Forgetting for a moment the arbitrary framing of these figures in the pursuit of an easy narrative, if teams’ recent results are at the top of professional commentators’ minds, then such trends are likely to be a preoccupation of the average fan as well. There is further evidence of this in the fact that ESPN’s footytips explicitly displays teams’ last five results (under the heading ‘Streak’) alongside other important information such as ladder position, percentage, and win points. If this recency bias represents the conventional wisdom, and, as I demonstrated in the last post, betting odds tend to amplify conventional wisdom about which teams should win and why, how does this belief affect oddsmakers’ predictions?
The table below gives us an idea of how biased those expectations are by comparing the real win rates to those predicted by betting odds.
Note: 0 win streak win rate is not 50% due to draws being counted as wins, because in tipping they are
As we saw with other forms of conventional wisdom, the belief that a team that has won or lost recently is just going to keep on winning or losing is contradicted by the data. Betting odds are the chump who buys a stock that’s been rapidly increasing in value for weeks (because of course it’s going to keep going up forever) only to have that same hot stock crash the next day. Past results are not indicative of future returns, my friend. Despite this bias in favour of hot teams and against cold teams, the accuracy of betting odds — in line with earlier analysis — remains pretty consistent across all winning/losing streak lengths (about 70% to 73%, close to the overall accuracy of 72.3%). At this point, however, I’m less interested in finding specific situations in which betting odds are inaccurate, which is never the case when only considering one or two dimensions, but biases that can be exploited by an ML model that can learn under which combination of factors a betting-odds underdog may be more likely to win.

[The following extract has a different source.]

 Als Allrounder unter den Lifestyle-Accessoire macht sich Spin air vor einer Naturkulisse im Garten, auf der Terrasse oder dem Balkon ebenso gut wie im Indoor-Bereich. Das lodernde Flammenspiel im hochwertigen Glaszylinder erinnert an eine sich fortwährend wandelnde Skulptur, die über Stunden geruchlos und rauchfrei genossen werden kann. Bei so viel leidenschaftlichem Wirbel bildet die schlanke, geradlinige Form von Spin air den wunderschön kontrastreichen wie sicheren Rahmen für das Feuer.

Just as a narrow-minded dedication to basing all knowledge on context-free data analysis can cause one to miss the biases inherent in that data, an obsession with narrative, the stories we tell about our favourite sports and athletes, the drama of it all, can blind us to the statistical reality of long-term trends taking precedence over short-term random walks up and down the boulevard. It’s clear from the above analysis that betting odds, representing the wisdom of the crowd, are particularly susceptible to this way of viewing winning and losing in sports. As bad teams get better and good teams get worse over the rounds and seasons, people still remember when they were bad or good, so fans have difficulty adjusting their perceptions to match the new reality, like parents who continue to buy their children dolls or toy cars well into the latters’ teenage years, because they just can’t believe how fast their little boy or girl is growing up.

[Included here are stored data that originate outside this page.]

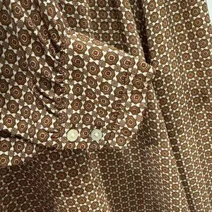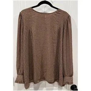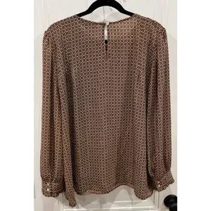 Loft Long-Sleeve Top Brown with Cream & Pink Design EUC
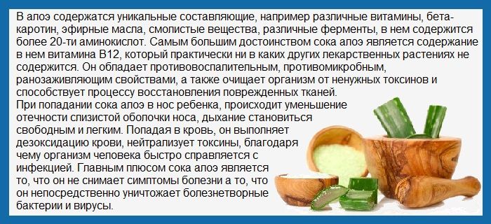 - Aloès à l'ail. Versez 1 litre d'ail dans un litre d'eau bouillie et laissez infuser 4 heures sous un couvercle bien fermé. Mélanger 1 cuillère à soupe de l'infusion avec la même quantité de miel liquide et de jus d'aloès pur et essuyer le nez du bébé jusqu'à 6 fois par jour avec un tampon imbibé d'une solution.
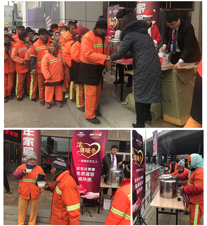 可以说,环卫工人是这个城市最可爱的人,他们用自己的辛苦和劳动扮靓了整个城市,然而济南人都知道,济南的冬天户外尤其寒冷。对于环卫工人来说,感冒已经是家常便饭,而手指龟裂更是习以为常。冬日里的一杯热水、一碗热粥、一副手套、一只口罩显得尤为重要。完美体育官方网址建筑家纺作为济南家纺商场的知名品牌,一直以社会责任和感恩作为我们企业文化的一部分,完美体育官方网址人更希望以实际行动,为环卫工人送上寒冬里的一份温暖。
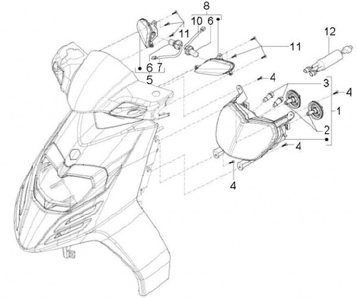 Strålkastare -PIAGGIO- Ny TPH 50-125 (från 2010) (LBMC501, LBMM701, ZAPM501)
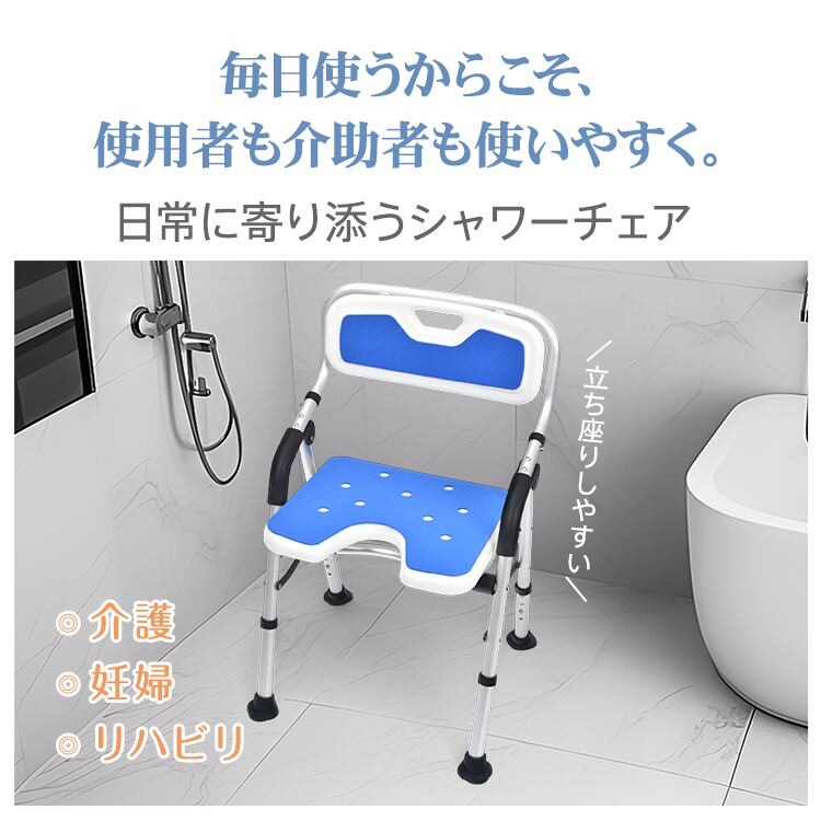 ■膝や腰の負担を軽減!安全設計のシャワーチェアで快適な入浴をサポート!

Even more difficult than catching up to medium-term changes in teams’ win rates is disinterestedly considering teams’ recent performance and accurately predicting their likelihood of winning next week. It turns out that good teams usually win and bad teams usually lose, and when good teams win too much they are a little less likely, not more, to win again as they keep close to their medium-term win rates.

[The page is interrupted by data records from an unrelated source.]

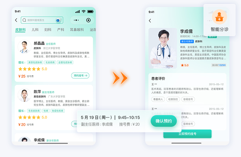 基于医学知识图谱和深度学习等人工智能技术,结合医院预检分诊场景,为患者智能推荐就诊科室和医生,减少医患资源错配等问题,提升就诊精准性和效率。
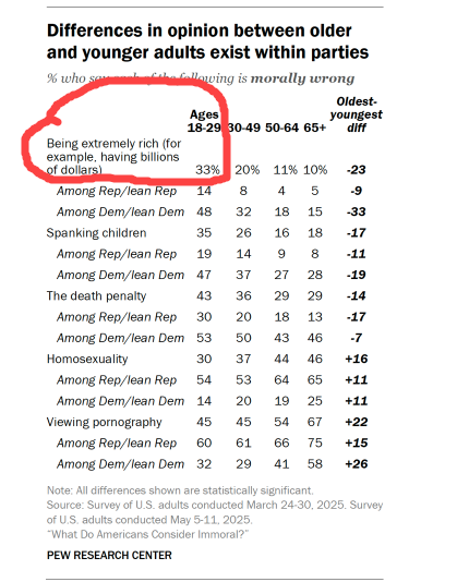 9. 33% of 18-29 Year Olds Say Being Extremely Rich is Morally Wrong
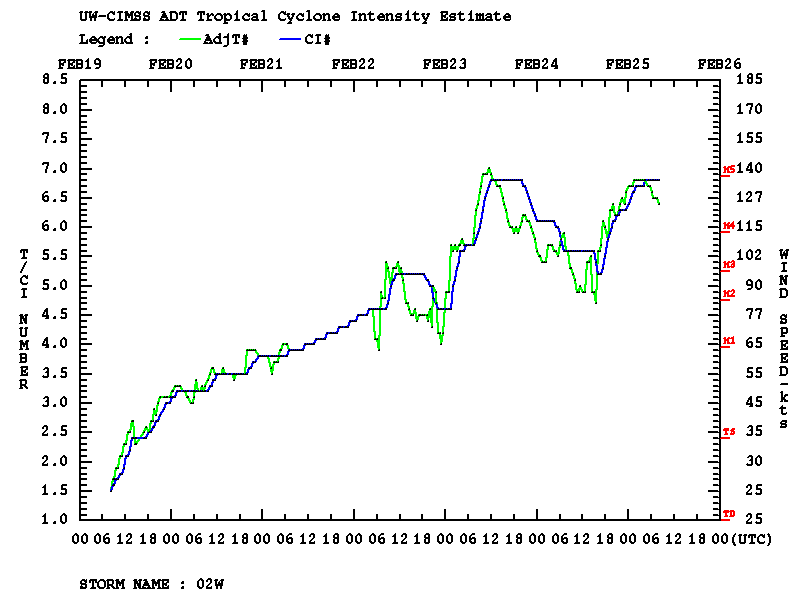 Advanced Dvorak Techique chart indicated Wutip’s maximum strength was likely reached this weekend with around 140-145 knots sustained winds at peak strength.

In starting work on a new, better footy tipping model, I wanted to explore the data more thoroughly in order to gain insight into useful paths of inquiry, as opposed to the spaghetti-against-the-wall approach that I took last time. I believe that I have now done my due diligence in exploring patterns in winning and the biases in betting odds, and am ready to get started on the actual model. And this time, I won’t start with an RNN that takes hours to train.